# Boots that run narrow partially - Beginner (First boot advice)



## linvillegorge (Jul 6, 2009)

Salomon, especially the F series.

Or, virtually any boot with a removable liner if you replace it with the Remind Solution liner.


----------



## ridinbend (Aug 2, 2012)

All women's boots




linvillegorge said:


> Salomon, especially the F series.
> 
> Or, virtually any boot with a removable liner if you replace it with the Remind Solution liner.


I bought malamutes and f3.0 specifically for my wide foot. Both pairs were not narrow boots.


----------



## linvillegorge (Jul 6, 2009)

ridinbend said:


> All women's boots
> 
> 
> 
> ...


They must have changed them when they changed the naming structure then. The old F20/F22/F24 all ran narrow. The F22s are the only boots that have ever fit me correctly straight out of the box.


----------



## ridinbend (Aug 2, 2012)

linvillegorge said:


> They must have changed them when they changed the naming structure then. The old F20/F22/F24 all ran narrow. The F22s are the only boots that have ever fit me correctly straight out of the box.


That would be real unfortunate if you loved a boot and they changed the fit. I love the heel hold I get in the malamutes.


----------



## robromo1023 (Jan 14, 2016)

So I've tried to measure my feet since that will help.

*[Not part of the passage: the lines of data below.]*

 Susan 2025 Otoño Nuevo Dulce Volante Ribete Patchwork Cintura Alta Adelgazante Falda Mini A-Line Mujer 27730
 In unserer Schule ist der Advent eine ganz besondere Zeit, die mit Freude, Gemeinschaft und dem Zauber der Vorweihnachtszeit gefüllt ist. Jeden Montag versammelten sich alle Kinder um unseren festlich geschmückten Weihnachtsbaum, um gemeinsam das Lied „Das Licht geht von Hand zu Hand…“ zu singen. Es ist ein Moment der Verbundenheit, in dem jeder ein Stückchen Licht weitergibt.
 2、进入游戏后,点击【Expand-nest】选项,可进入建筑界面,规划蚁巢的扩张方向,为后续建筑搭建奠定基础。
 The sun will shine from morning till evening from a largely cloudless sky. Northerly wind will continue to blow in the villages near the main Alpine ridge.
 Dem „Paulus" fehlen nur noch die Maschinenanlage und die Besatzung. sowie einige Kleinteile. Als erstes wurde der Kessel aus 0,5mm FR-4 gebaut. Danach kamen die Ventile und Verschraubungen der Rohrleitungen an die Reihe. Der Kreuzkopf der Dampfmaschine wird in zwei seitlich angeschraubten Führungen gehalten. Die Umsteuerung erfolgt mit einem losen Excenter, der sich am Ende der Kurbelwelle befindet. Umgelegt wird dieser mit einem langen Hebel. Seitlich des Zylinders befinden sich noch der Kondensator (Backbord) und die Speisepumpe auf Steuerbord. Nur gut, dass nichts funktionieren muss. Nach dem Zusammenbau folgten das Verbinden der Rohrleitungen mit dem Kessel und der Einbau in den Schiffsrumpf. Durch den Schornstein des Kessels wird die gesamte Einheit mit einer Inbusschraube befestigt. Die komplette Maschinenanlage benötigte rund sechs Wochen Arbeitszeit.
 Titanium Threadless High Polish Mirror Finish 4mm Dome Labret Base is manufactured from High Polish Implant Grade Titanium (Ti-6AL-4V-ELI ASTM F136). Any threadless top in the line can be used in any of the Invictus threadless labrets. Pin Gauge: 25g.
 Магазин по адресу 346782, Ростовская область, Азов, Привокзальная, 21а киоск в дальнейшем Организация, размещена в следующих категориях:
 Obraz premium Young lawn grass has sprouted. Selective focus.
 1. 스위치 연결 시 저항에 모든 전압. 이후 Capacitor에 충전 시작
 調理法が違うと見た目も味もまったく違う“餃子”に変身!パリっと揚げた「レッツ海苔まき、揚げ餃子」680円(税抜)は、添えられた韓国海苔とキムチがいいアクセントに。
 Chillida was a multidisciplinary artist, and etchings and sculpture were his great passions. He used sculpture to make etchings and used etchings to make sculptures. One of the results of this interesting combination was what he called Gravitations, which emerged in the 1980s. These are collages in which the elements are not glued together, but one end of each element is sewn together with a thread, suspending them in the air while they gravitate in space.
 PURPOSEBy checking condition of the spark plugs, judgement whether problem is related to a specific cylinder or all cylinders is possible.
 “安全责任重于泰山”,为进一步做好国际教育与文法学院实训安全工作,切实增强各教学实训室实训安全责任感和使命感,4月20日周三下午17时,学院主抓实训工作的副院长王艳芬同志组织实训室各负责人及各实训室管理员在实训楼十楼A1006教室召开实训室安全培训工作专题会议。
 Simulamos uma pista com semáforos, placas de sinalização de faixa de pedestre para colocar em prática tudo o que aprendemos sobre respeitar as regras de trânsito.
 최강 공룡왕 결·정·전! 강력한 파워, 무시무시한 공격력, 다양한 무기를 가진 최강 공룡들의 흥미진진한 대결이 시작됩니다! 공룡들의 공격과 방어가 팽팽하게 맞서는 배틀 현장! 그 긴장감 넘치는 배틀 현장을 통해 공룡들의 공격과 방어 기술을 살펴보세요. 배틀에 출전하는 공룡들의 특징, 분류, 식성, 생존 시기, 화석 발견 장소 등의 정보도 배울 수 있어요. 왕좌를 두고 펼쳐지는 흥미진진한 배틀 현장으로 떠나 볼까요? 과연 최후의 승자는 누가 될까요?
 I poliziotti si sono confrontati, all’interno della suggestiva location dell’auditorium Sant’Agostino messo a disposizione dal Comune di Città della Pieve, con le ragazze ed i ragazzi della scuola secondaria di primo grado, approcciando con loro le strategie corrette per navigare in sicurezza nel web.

I tried to estimate the widest part of the foot, and then marked it on paper similar to how I marked my length (put it against a wall, mark with a pencil the tip, etc.)

It measured 10cm or just a pinch either way. So about 3.9 in to 4.0in. For my (10/10.5 28cm length) - that seems like normal width (according to Wiredsport's post).

So maybe my feet aren't as narrow as I thought. Or it's only narrow at the heel.


----------



## ridinbend (Aug 2, 2012)

The foam J bars included with many boots will help increase heel hold. Boot liners also vary significantly. Take your time and try on lots of boots if possible. Don't skimp on a boot purchase either.


----------



## neni (Dec 24, 2012)

All the brands you've mentioned make good boots. Select the ones which fit best, not the brand.
For narrow heels, try if the Ride Insano fits your feet.


----------



## psklt (Jan 5, 2016)

If your shop was making you try on boots LARGER than you measured on the Brannock then I would question their boot fitting knowledge. Your boots will never feel tighter than the first time you wear them, they will constantly pack down/out and stretch no matter what. Especially models aimed toward beginners-intermediate. Try on a half size smaller boot that has some kind of system like a dedicated boa for heel lift, most companies are putting things like that on boots now. You want to spend a decent amount of time in the shop with them on your feet so they at least start to mold a little bit. Try on multiple pairs and see how they differ and what feels more comfortable to you specifically.

I too have a narrow ankle/top of ankle. I had K2 Maysis' for a few weeks, but the boa conda for heel lift gave me too many pressure points. I now have Ride Lasso's which have been great so far. The side boa pulls the tongue down and back above the ankle so it really holds the heel in there. Lasso's might be a bit stiff for you, but maybe try the Triad if you can find it around. Another option would be the Darko if the K2 conda feels good to you. Burton's were a bit too wide for me especially after 30 days. Can't speak for DC as I've never worn them, but the Judge gets good praise.


----------



## psklt (Jan 5, 2016)

neni said:


> All the brands you've mentioned make good boots. Select the ones which fit best, not the brand.
> For narrow heels, try if the Ride Insano fits your feet.


The Insano is really a wonderfully constructed boot, feels and fits amazing, but I think it might be too much boot for a beginner. I even backed out last minute and went with the softer/lesser tech Lasso for more all mountain needs and they remain stiff enough to me for a 6/10 flex rating. I wish I had that Michelin sole, though


----------



## robromo1023 (Jan 14, 2016)

I will check what the store has tomorrow when I go in person.

I know that they carry DC (Scout) Burton (Ruler),and Ride (Anthem) so I will try those on, and any other brands they have in the 200 price range.


----------